Herinnert ge U mij verl. zomer te hebben meegebragt stukjes bergkrijt? ik probeerde er toen mee te werken doch ’t ging niet. Zoo bleven een paar stukjes liggen die ik dezer dagen weer eens opnam; ingesloten een krabbel er mee gedaan.8 ge ziet, het is een warm eigenaardig zwart. Ik zou erg graag hebben gij b.v. dezen zomer er nog wat van meebragt, ’t heeft een groot avantage – de stevige stukken zijn veel prettiger om in de hand te hebben bij ’t schetsen dan een pijpje conté waar men geen houvast aan heeft en telkens breekt. Dus voor ’t buiten schetsen is het heerlijk.

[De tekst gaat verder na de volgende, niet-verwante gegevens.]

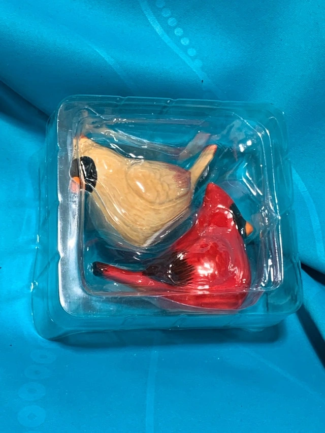 Offering a set of Hallmark cardinal salt and pepper figurines, including one red and one tan cardinal. They are in excellent condition with vibrant colors and intricate details, and come in the original box. Willing to trade for Spider-Man stuff or rolled pennies. If you're seeing this ad, the cardinals are still waiting to fly to their new home!
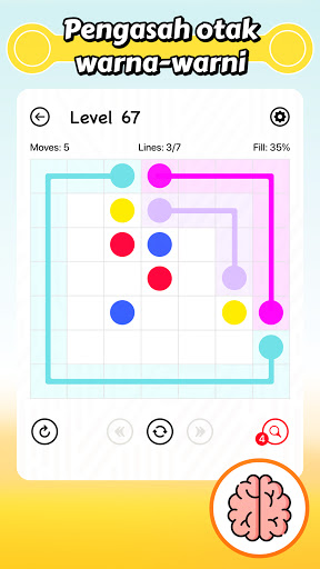 Lined adalah permainan teka-teki yang mudah! Matlamatnya adalah untuk menyambung ✏️ semua mata berwarna yang sama ⚫️ 🔴 🔵. Walau bagaimanapun, terdapat cabaran. Barisan satu baris tidak boleh diluluskan atau merentasi garis warna lain.
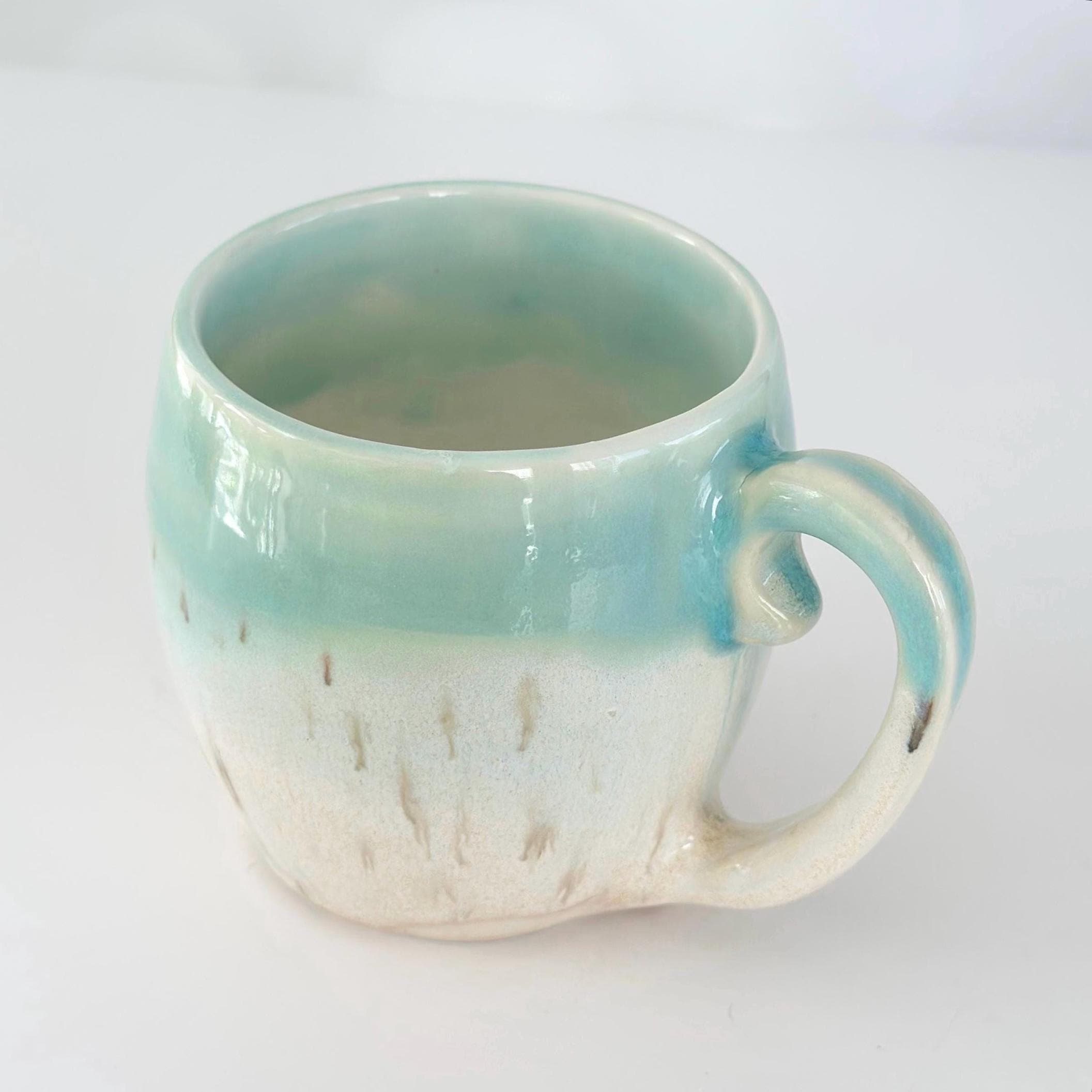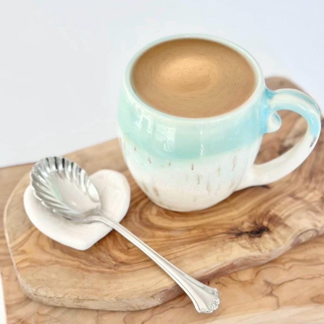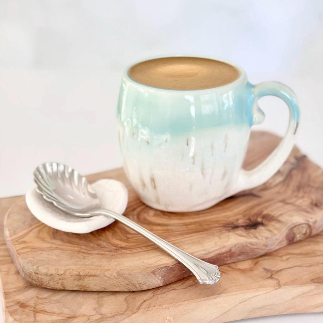 This handmade pottery mug is the perfect coffee lover gift for a coffee bar station or boho kitchen. A unique birthday coffee station gift for tea lovers or anyone who enjoys artisan mugs.
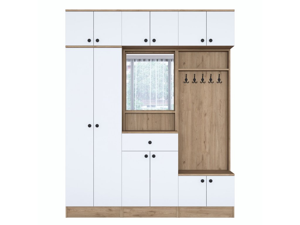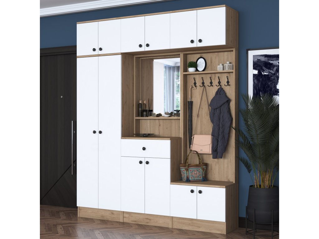 Předsíňová sestava CAPE je navržena tak, aby zajišťovala maximální funkčnost a stylový vzhled. Díky své vysoké konstrukci a kombinaci bílé barvy s dekorem ořechu dodává prostoru moderní a útulnou atmosféru. Sestava nabízí dostatek úložného prostoru a chytrých řešení pro organizaci vašich věcí.
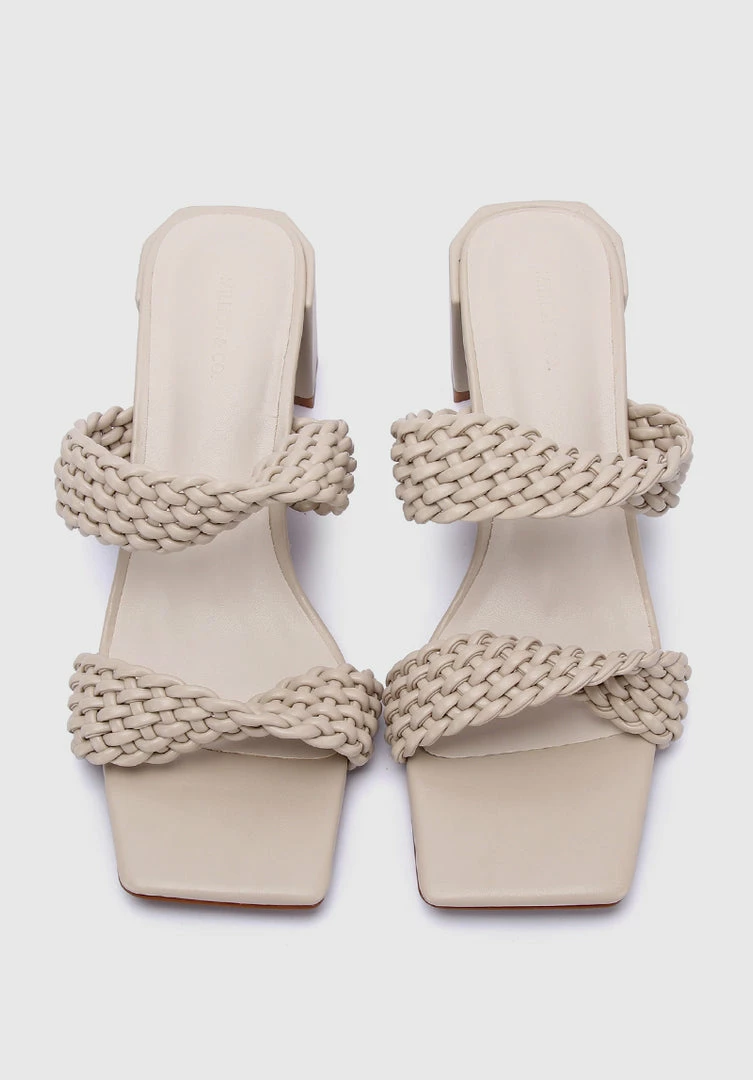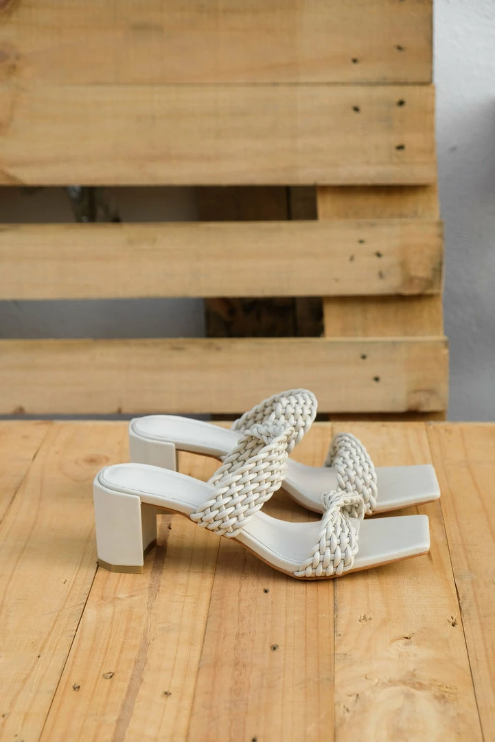 – Twisted weaved strap blocked heels
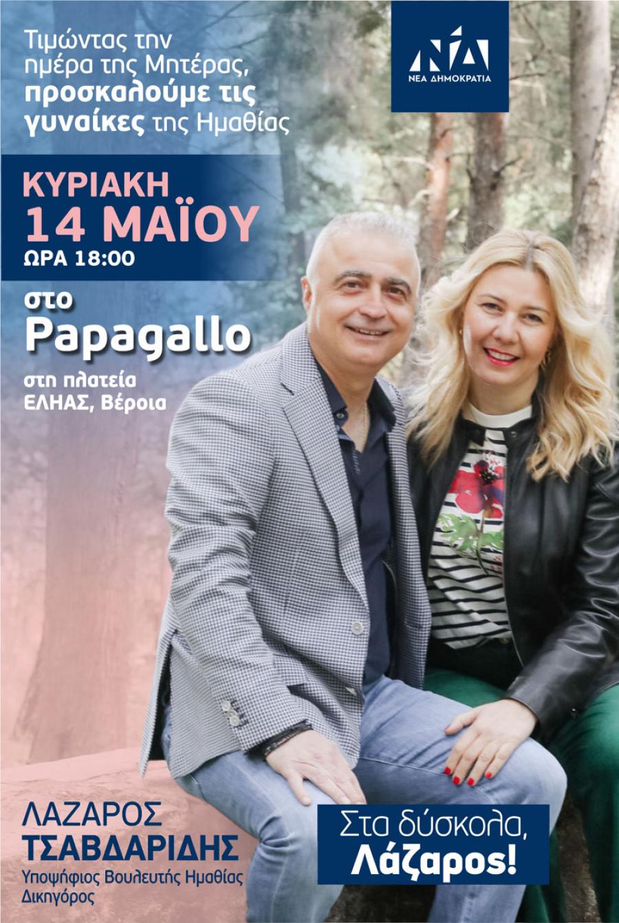 Τιμώντας την ημέρα της Μητέρας, προσκαλούμε τις ΓΥΝΑΙΚΕΣ της ΗΜΑΘΙΑΣ την Κυριακή 14 Μαΐου στο PAPAGALLO, στην πλατεία Εληάς, στη Βέροια. Λάζαρος Τσαβδαρίδης Υποψήφιος Βουλευτής Νέα Δημοκρατία
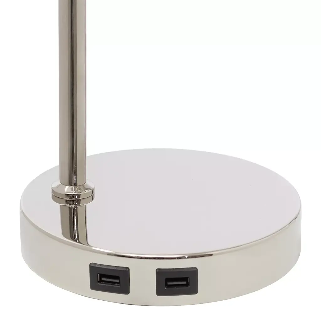 19.5" Quigley Silver Drum Shade Table Lamp - River Of Goods: Chrome-finish, Usb Ports, Ul Listed
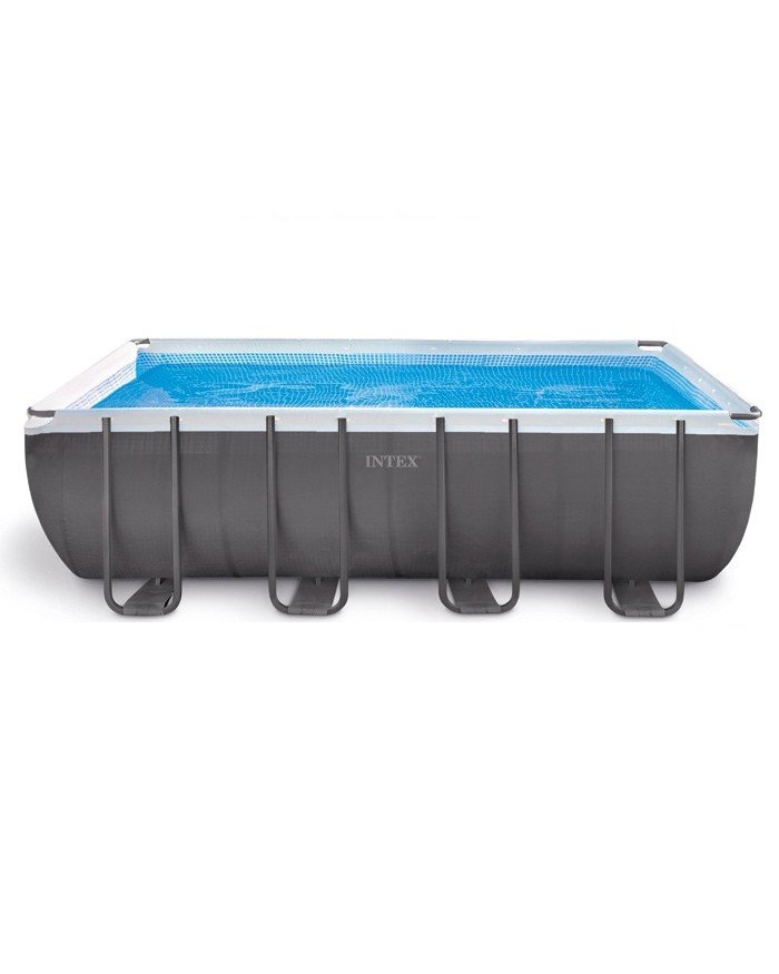 Сборный каркасный бассейн серии Intex Prism Frame прямоугольной формы с фильтр-насосом и лестницей.
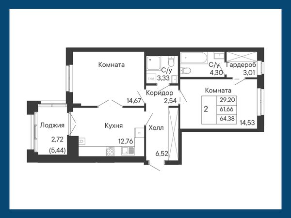 2-комнатная64,38 м²Ростовская область, Ростов-на-Дону, Бориславский переулок, 47
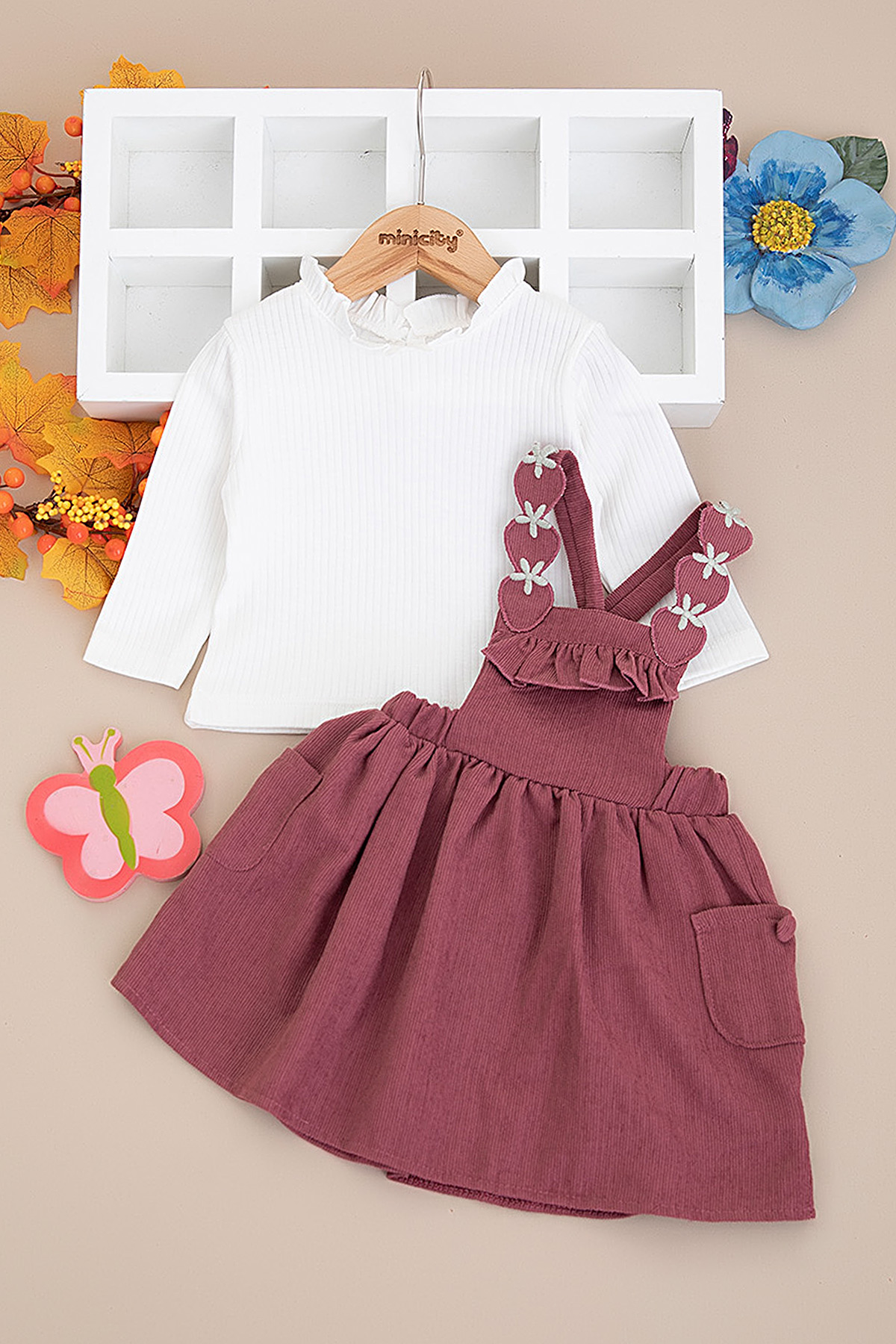 Kız Bebek Çilek Askılı Cepli Salopet - 3212 (9-24 Ay)
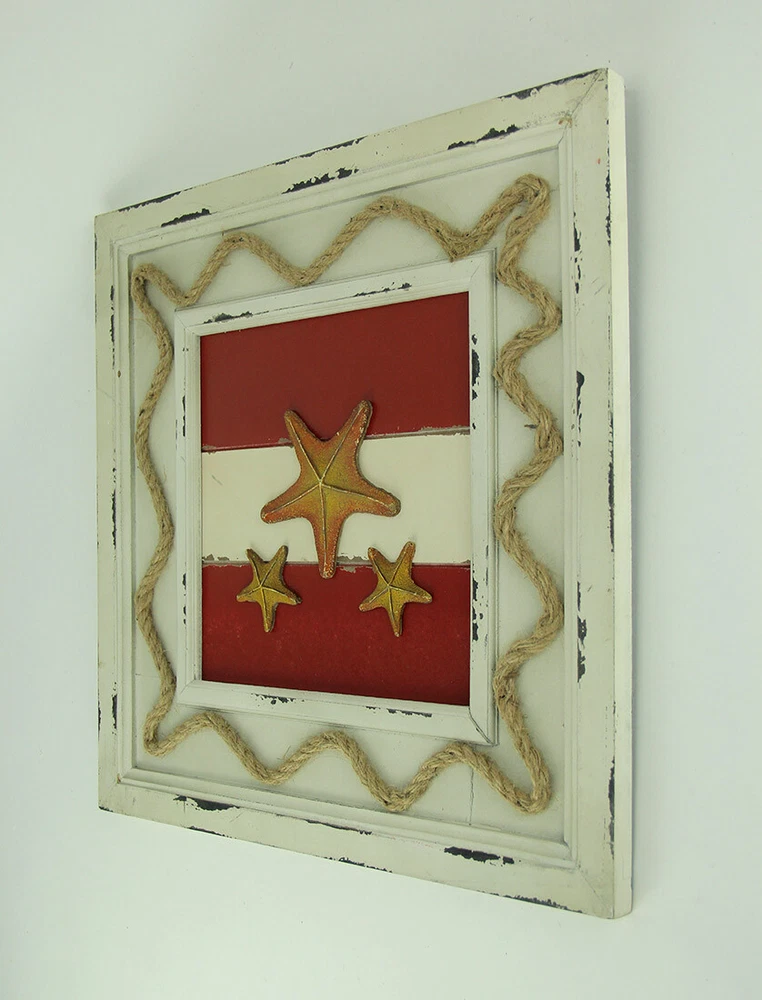 Add a touch of rustic coastal flair to your decor with this beautiful set of 3 wooden wall hangings. Each 18.25-inch square wall hanging features a nautical flag backdrop, with seashell and seahorse embellishments in the center. They have a weathered whitewash finish and natural rope accents around the frame. They have swivel hangers on the backs, so they're easy to mount on your wall. Our eBay Store About Us Add to Favorite Sellers Set of 3 Rustic Coastal Nautical Flag Wooden Wall Hangings OVERALL SIZE - Each Measures 18.25 Inches Square, 0.75 Inches Thick Made of Wood Weathered Whitewash Finish Polyresin Embellishments Adds a Rustic Coastal Accent To Any Decor Add a touch of rustic coastal flair to your decor with this beautiful set of 3 wooden wall hangings. Each 18.25-inch square wall hanging features a nautical flag backdrop, with seashell and seahorse embellishments in the center. They have a weathered whitewash finish and natural rope accents around the frame. They have swivel hangers on the backs, so they're easy to mount on your wall. Product Details Color Multicolored Height 18.25 Length 18.25 Weight 12.9 LB

Enfin Kerel – het is moeielijk om alles te schrijven en Uw vraag over aquarel wilde ik niet in woorden alleen beantwoorden. Niet gaarne zou ik hebben iemand alleen deze schets van mij zag omdat ik in deze schets zelf niets goed vind dan het generaal aspect en met de figuren zelf zal worstelen tot ik er dat in krijg in aquarel ook wat ze in de lith. begonnen te krijgen, nl. meer teekening & karakter.  1r:4 Het is niet pleizierig schetsen te maken als de gezondene en dan niet ze af te kunnen krijgen, ik heb hier zelf zoo vreesselijk het land aan dat ik ze zeer spaarzaam maak, enkel bij wijze van eens te kijken of ik dit of dat gevonden heb en hoe ver ik er mee sta. Toch heb ik nu weer hoop en lust juist omdat ik weer een groot aantal studies achter den rug heb.
Ik denk dat de verandering van ’t atelier mij een stoot zal geven vooruit, niet den eersten dag maar als ik er eens een paar maanden mee gescharreld heb.
Want dergelijke effekten als de gezonden aquarel kan ik nu voor een deel weerga’s goed thuis bestudeeren met modellen.

[sketch A]
Ziehier de ramen van onderen digt gemaakt zoo dat het licht van boven op de groep figuren valt. Zóó kan ik ze op ’t atelier plaatsen en krijg dan b.v. de kantlichtjes boven op de figuren. Zooals op de aquarel. Ik heb hier reeds naar gezocht met den weesman, de vrouw en de kinderen – ik krijg prachtige dingen. Lust om ze te maken mankeert me niet maar ik prepareer me op nieuwe mislukkingen die echter hoop ik iets in zich zullen hebben dat maakt dat ze eer moed geven dan dat men er den moed door verliest, al zijn het mislukkingen.
Van hetgeen gij zondt moest dadelijk een boel af en ik wou ge nog wat hadt, doch schik het zoo als ’t het beste uitkomt. ik heb zooveel werk nu dat ik varieeren kan zoo als ik wil. Ik verlang zeer naar Uw komst juist om U de studies te laten zien en over ’t werk te praten. adieu, nogmaals dank – met een handdruk.

t. à t.
Vincent
 2r:5
Het zijn zeer groote stukken bergkrijt die gij medebragt verl. jaar – die zijn het die ik bedoel, juist door dat zij grooter zijn hoeft men geen teekenpen9 te gebruiken.